Both men described how thankful they are for their wives, noting it was their main job to survive.

“That’s your job for a while,” Watts said.

Their wives had to keep the rest of their lives going by doing chores they usually shared.

The Shively’s 18-year-old daughter has special needs. Both Todd’s and Rhonda’s parents helped care for her during the couple’s long stay in Houston.

“We were only home 23 days in four months. They watched over our daughter and our home,” he said.

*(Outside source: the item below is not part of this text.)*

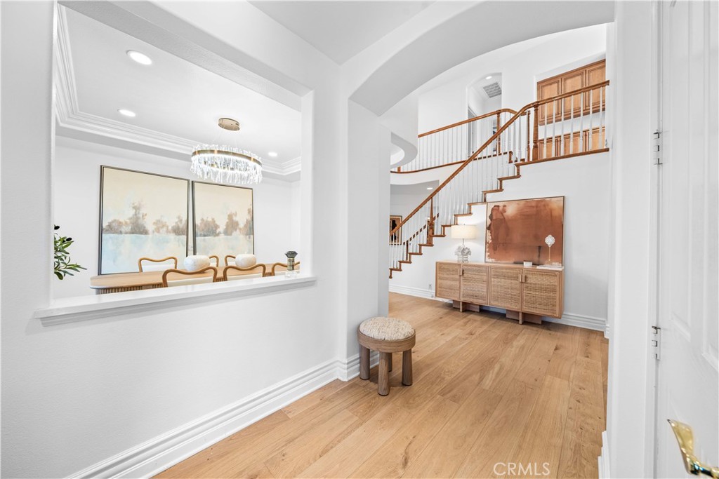 Stunning Residence in the exclusive 24-hour guard-gated Northpark community! Situated on a premier corner lot, this remarkable home offers 5 bedrooms plus a loft, a main-floor bedroom with a full bathroom, a 3-car garage, an upgraded kitchen and backyard—all on a lot over 6,200 square feet. Upon entry, you are greeted by a warm, open floor plan with high ceilings, hardwood floors extending throughout, and an abundance of natural light. The spacious chef’s kitchen is filled with light and includes maple cabinets, stone backsplash, granite countertops, a built-in refrigerator, a 6-burner cooktop, double ovens, and a large oversized island. It opens directly to the beautiful family room, complete with built-in media cabinets, a cozy fireplace, and seamless access to your private backyard retreat. Step outside to your expansive backyard, professionally landscaped with a serene waterfall, an elegant gazebo, and lush fruit trees and flowers—perfect for both relaxation and hosting. The main-floor bedroom and full bath provide ideal accommodations for family or guests. Upstairs, you will find four additional bedrooms and a generous loft (easily convertible to a sixth bedroom). The well-appointed primary suite features a spa-like bathroom with dual vanities, a soaking tub, a separate shower, and a large walk-in closet. It also includes a separate retreat area, perfect as a sitting room or home office. At the other end of the floor, two more spacious bedrooms share a Jack-and-Jill bathroom, while another bedroom enjoys an en-suite bathroom. Practical upgrades include an upstairs laundry room and a 3-car garage with plentiful storage. With low HOA and Mello Roos fees, residents enjoy access to community amenities such as five pools, tennis courts, walking trails, and direct access to the acclaimed Hicks Canyon Elementary School. The home is also conveniently within walking distance of Orchard Hills and Northpark Shopping Centers, featuring Pavilions, Wells Fargo, H Mart, CVS, and numerous dining options. The property is zoned for California Distinguished Tustin Unified Schools. Priced attractively, this home presents a rare opportunity in today’s market. Must See.

Shively’s 200 acres of crops are custom farmed and he also takes care of some test plots, but his primary focus is on his Pioneer seed business, NextGen Ag Service in Buckley, where Watts is a customer.

Shively has equipment and offers other seed and crop related services from a large warehouse that is busy this time of year. He said he wouldn’t have been able to keep his business going without the help of his business partner Brian Dippel.

“If I hadn’t had him, I don’t know how I’d have made it through,” he said.

The community support is also incredible, he said. Some people helped with monetary support during his treatment so far away, others put up field signs, and there were lots of prayers for both men, Shively said. He recalls getting some equipment repaired by Ralph DeNault, an independent mechanic in Roberts, who did the work then parked the repaired equipment in Shively’s shed.

“All kinds of stuff like that happened,” he said.

“We’ve both had incredible support from the community,” said Watts. “We’ve been overwhelmed with people’s kindness.”